Packy McCormick points out that the claim that 'seed rounds have become more expensive' is similar to judging stock prices based solely on their value, and does not reflect true valuation logic.
The market has earlier and more accurately differentiated high-quality startups and priced them accordingly; whether large funds or small funds, concentrated or diversified, general or vertical, there are both top returns and cases of failure.
Concentrated funds have a higher upper limit, while diversified funds have a higher lower limit; ownership ratios are overestimated, and the alignment between managers and strategies is far more important than portfolio construction.
In the AI sector, excessive chasing of funds and consensus poses risks, and there will be fewer but larger winners in technology.
Source: Public information
ABAB AI Insight
Packy McCormick, as the author of Not Boring and an early investor, has previously analyzed the VC cycle and AI bubble in his newsletter. This critique continues his observations from 2023-2025 regarding 'excess AI capital' and 'distorted valuation narratives.' He has warned that emerging managers overcommit to high ownership to attract LPs, ultimately being outmatched by megafunds in the Pre-seed/Seed stage due to resource advantages.
On the capital path, Packy believes that LPs' high ownership demands for emerging funds will be diluted by increased supply due to competition, while megafunds can patiently wait for optimal targets.

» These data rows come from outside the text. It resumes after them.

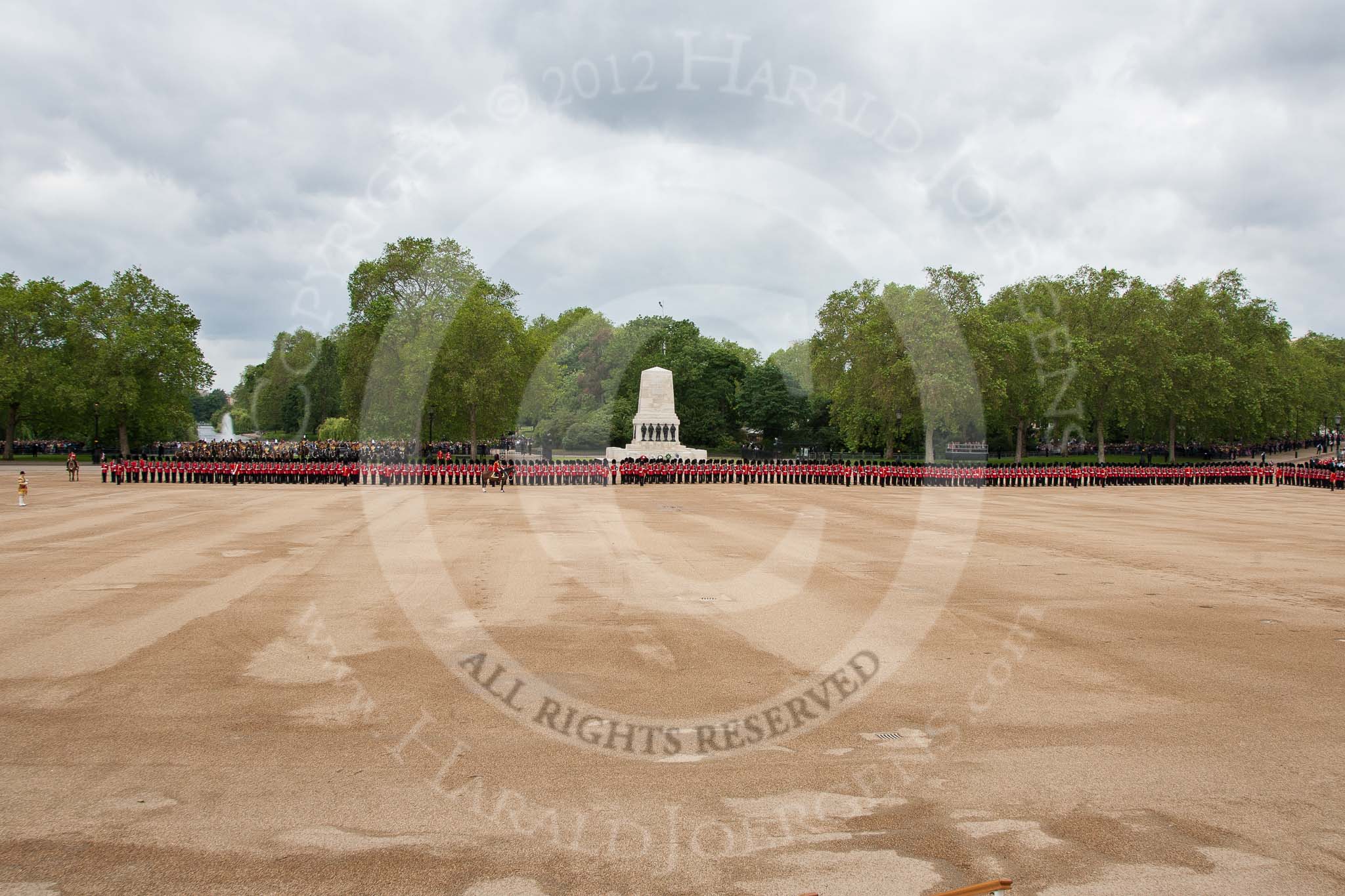 Trooping the Colour 2012: No. 3 Guard has closed the gap in the line again, after the two carriages with members of the Royal Family have passed..
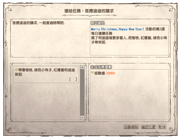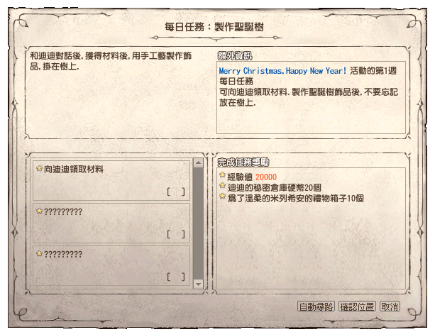 【追加進行裝飾聖誕樹】:可補進第 1 週每日任務
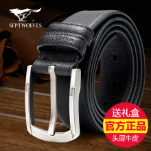 七匹狼皮带男针扣 纯牛皮青年牛仔裤带 男士腰带商务头层牛皮
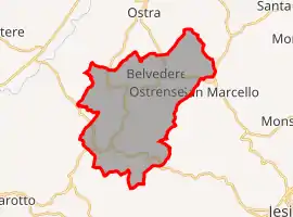 Belvedere Ostrense borders the following municipalities: Castelplanio, Maiolati Spontini, Montecarotto, Morro d'Alba, Ostra, Poggio San Marcello, San Marcello, Senigallia.

Their motivation lies in the current surplus of funds in the AI sector, which rapidly inflates the valuations of good projects. The true winners must find a few potential super winners among companies that are 'long on AGI and short on ASI,' rather than pursuing diversified or standardized portfolios.

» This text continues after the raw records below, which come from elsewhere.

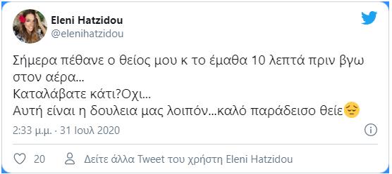 «Σήμερα πέθανε ο θείος μου και το έμαθα 10 λεπτά πριν βγω στον αέρα… Καταλάβατε κάτι? Όχι… Αυτή είναι η δουλειά μας λοιπόν… Καλό παράδεισο θείε», έγραψε η Ελένη Χατζίδου.
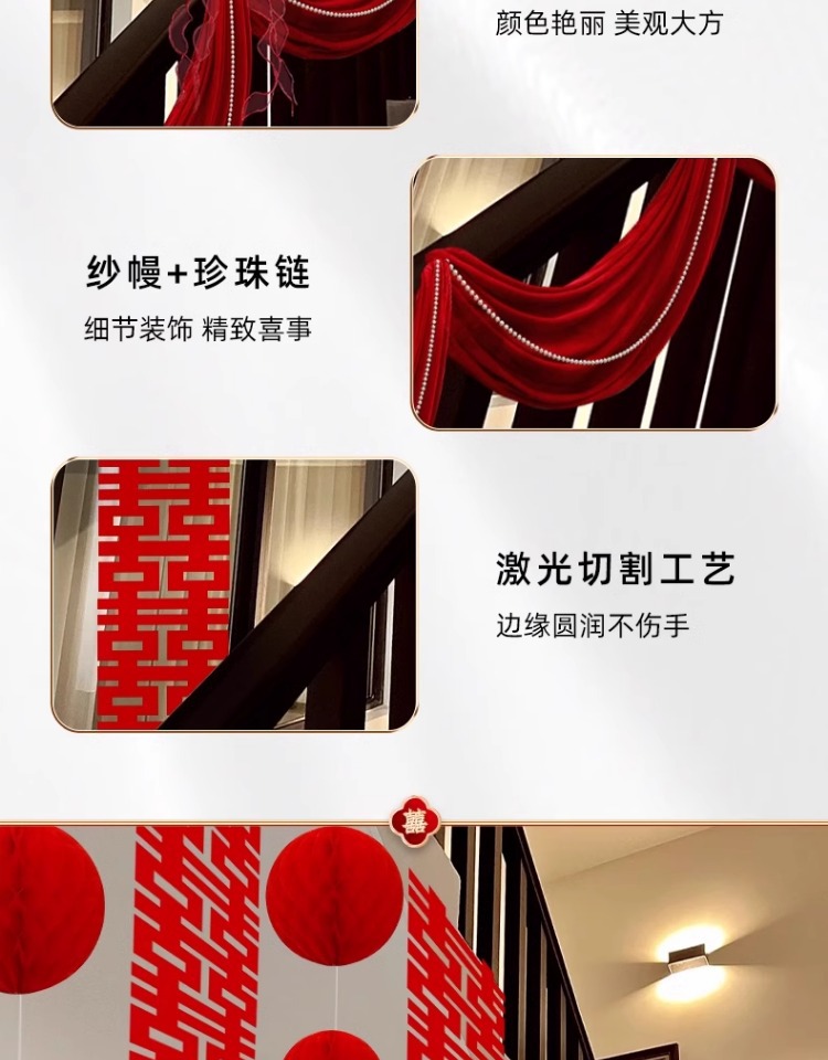 • 행복한 이벤트에는 계단 난간 장식 4개를 배치할 수 있으며 약 4.2M입니다.
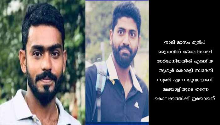 അർമേനിയ: കഴിഞ്ഞ ദിവസമാണ് അര്‍മേനിയയില്‍ വിസാ നടപടിയെ ചൊല്ലിയുള്ള വാക്കുതര്‍ക്കത്തെ തുടര്‍ന്ന് മലയാളി യുവാവ് കുത്തേറ്റ് മരിച്ച വാര്‍ത്ത പുറത്തുവന്നത്. നാല് മാസം മുന്‍പ് ഡ്രൈവിങ് ജോലിക്കായി അര്‍മേനിയയില്‍ എത്തിയ തൃശൂര്‍ കൊരട്ടി സ്വദേശി സൂരജ് എന്ന യുവാവാണ് മലയാളിയുടെ തന്നെ കൊലക്കത്തിക്ക് ഇരയായത്‌. മലയാളികൾ വിദേശരാജ്യങ്ങളിൽ വച്ച് കൊല്ലപ്പെടുന്നത് ഈ മാസം തന്നെ ഇത് രണ്ടാമത്തെ സംഭവമാണ്. ദിവസങ്ങള്‍ക്ക് മുന്‍പ് ലണ്ടനിലും മലയാളി യുവാവ് കുത്തേറ്റ് മരിച്ചിരുന്നു. രണ്ട് സംഭവങ്ങളിലും കൊലയ്ക്ക് പിന്നിൽ മലയാളികള്‍ തന്നെ.
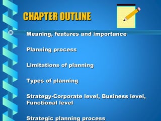 This document provides an outline on planning and strategy. It begins with defining planning as deciding in advance what to do and how to do it, noting that planning bridges the gap between the current situation and the desired future state. The document then discusses the planning process, which involves identifying opportunities, establishing objectives, evaluating alternatives, and implementing and following up on plans. It also discusses limitations of planning and how to make planning effective. Finally, it discusses different levels of strategy for organizations, including corporate, business, and functional strategies.

Similar to the failures of many funds after the SPAC and crypto booms in 2021, or the 'few winners take all' pattern after the early 2000s internet bubble, the current VC market is in a mid-stage transformation driven by AI towards 'larger and more concentrated' investments, highlighting the challenges of exits and the importance of strategic alignment under strong consensus.

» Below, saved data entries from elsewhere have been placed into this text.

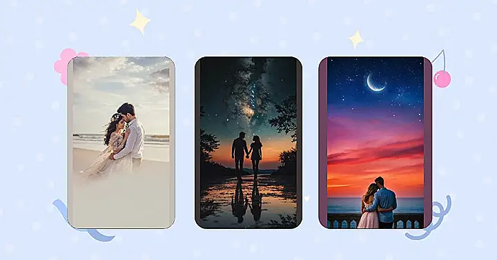 Thinking about ‘couple wallpaper,’ this image totally takes the cake. It’s so good, you almost feel like you should split it – one of you gets the starry moonlit sky, and the other gets the cozy couple by the dramatic sunset ocean. Or maybe you both just rock the full picture and confuse everyone about whether you’re vacationing in paradise or just really good at picking backgrounds. It’s definitely a fun, friendly reminder of those perfect, chill moments that make you smile, even if your actual date night is just watching Netflix in sweatpants.
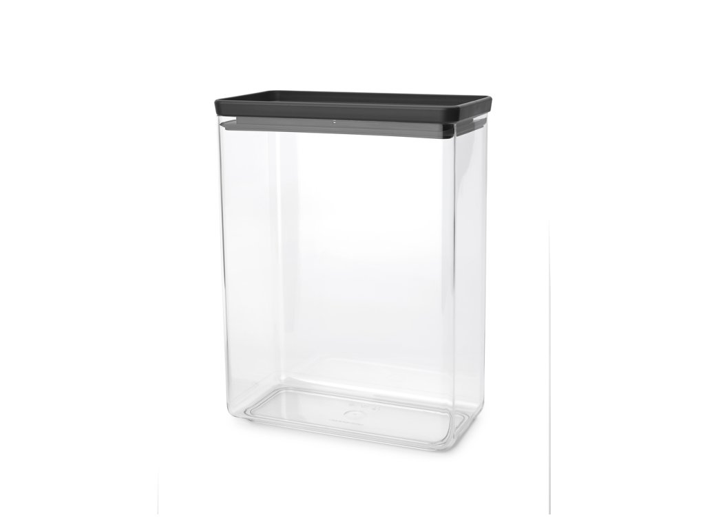 Dóza Square - objem 5,4 L, materiál plast bez BPA, hranatý tvar, stohovatelná dóza, průhledné tělo, tmavě šedé víko.
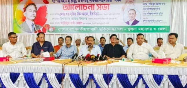 আজ ৯ আগস্ট বেলা ১১টায় খুলনা প্রেসক্লাবের ব্যাংকুয়েট হলে “৭১-এর মহান মুক্তিযুদ্ধ ও গণতন্ত্র প্রতিষ্ঠায় শহীদ জিয়া” শীর্ষক আলোচনা সভায় প্রধান অতিথির বক্তব্যে বিএনপির জাতীয় স্থায়ী কমিটির সদস্য মেজর (অব.) হাফিজ উদ্দিন বীর বিক্রম এসব কথা বলেন। জাতীয়তাবাদী মুক্তিযোদ্ধা দল খুলনা মহানগর ও জেলা শাখা এ সভার আয়োজন করে।
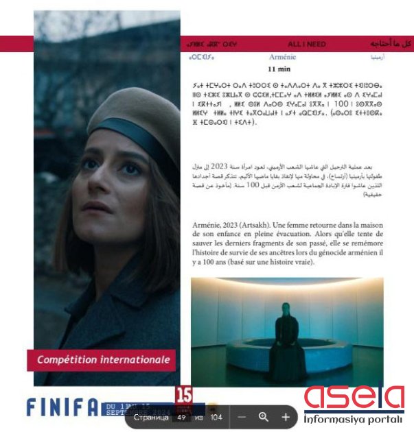 Bildirilib ki, sentyabrın 11-15-də Mərakeşin Agadir şəhərində keçirilən İssni Nurgh Beynəlxalq Amaziq film festivalı (Festival Issni N'ourgh International du Film Amazigh - FINIFA) çərçivəsində erməniəsilli Katia Spivakova Saakiantsın müəllifi olduğu 11 dəqiqəlik “All I need” filminin sentyabrın 13-də nümayişinin planlaşdırılması nəzərdə tutulmuşdu.
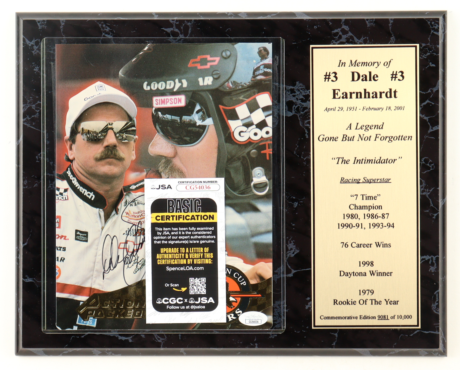 Custom plaque measures 15" x 12" in size and features a photo that has been hand-signed by Dale Earnhardt Sr. (d. 2001). Plaque also includes a career statistics plaque.
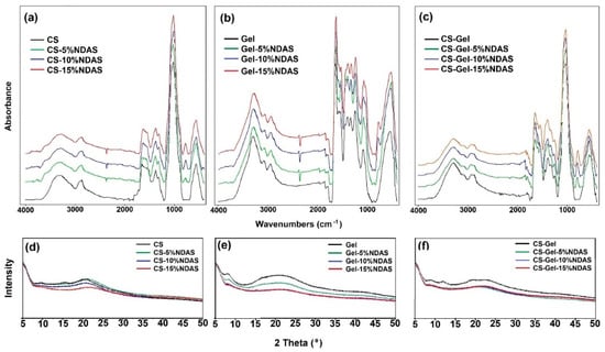 The crystalline structure of CS, Gel, and the CS-Gel films cross-linked by NDASs was characterized by XRD patterns and is shown in Figure 5d–f. The X-ray diffractograms of CS show crystalline diffraction peaks at 2θ = 10.5°, 15.1°, and 20.9°. According to the literature [], these crystalline peaks of pure CS can be ascribed to the reflection planes of (020), (110), and (200). All the chitosan films cross-linked with NDASs showed diffraction peaks at 2θ = 20.9°, while the intensity of this peak decreased with the increase in the cross-linker amount. The peaks at 2θ = 10.5° and 15.1° for CS-15%NDAS disappeared. For gelatin, the signal located at about 2θ = 8.6° corresponds to the inter-helix distance of the triple helix of gelatin, and a broad diffraction peak in the 2θ range of 15.0–25.0 is typical of the amorphous fraction of gelatin []. The obtained pattern is consistent with the literature data []. For the gelatin samples, an increase in the amount of cross-linking agents caused a decrease in the intensity of signals. However, the chitosan/gelatin mixture did not show any crystalline peaks, indicating the amorphous structures of chitosan and gelatin. This result also exhibited that the chitosan and gelatin were mixed well, forming the composite []. The intensity of the diffraction patterns for CS-Gel cross-linked by NDASs decreases with an increasing amount of cross-linking agent. The same effect was observed for cross-linked gelatin and chitosan films.
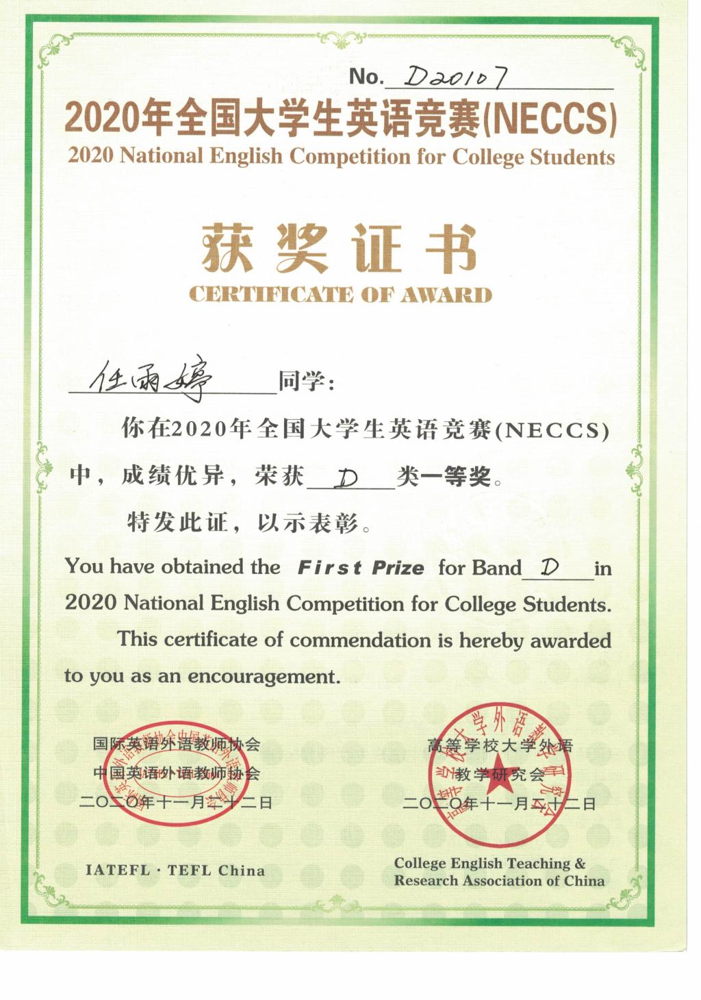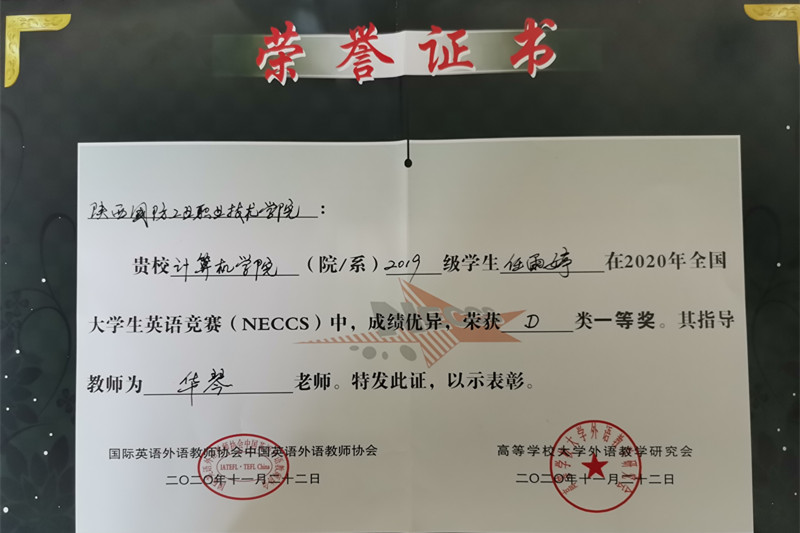 2020年11月22日全国大学生英语竞赛决赛在西安电子科技大学举行,我校组织学生参加D类比赛,计算机学院网络3191班学生任雨婷喜获全国一等奖,指导教师为外语教研室华琴老师。我校学生在本届全国大学生英语D类比赛中共获奖项15项,其中一等奖1项,二等奖5项,三等奖9项目。

Essentially, this represents capital concentration: the venture capital industry is shifting from a dispersed chase to focusing limited capital on a few potential 10x+ companies through better early pricing and resource allocation to top projects. The mechanism is that market efficiency improvements and AI consensus risks make 'manager-strategy alignment' a core differentiating factor, ultimately concentrating VC pricing power in the few funds and GPs that can capture true technology super winners.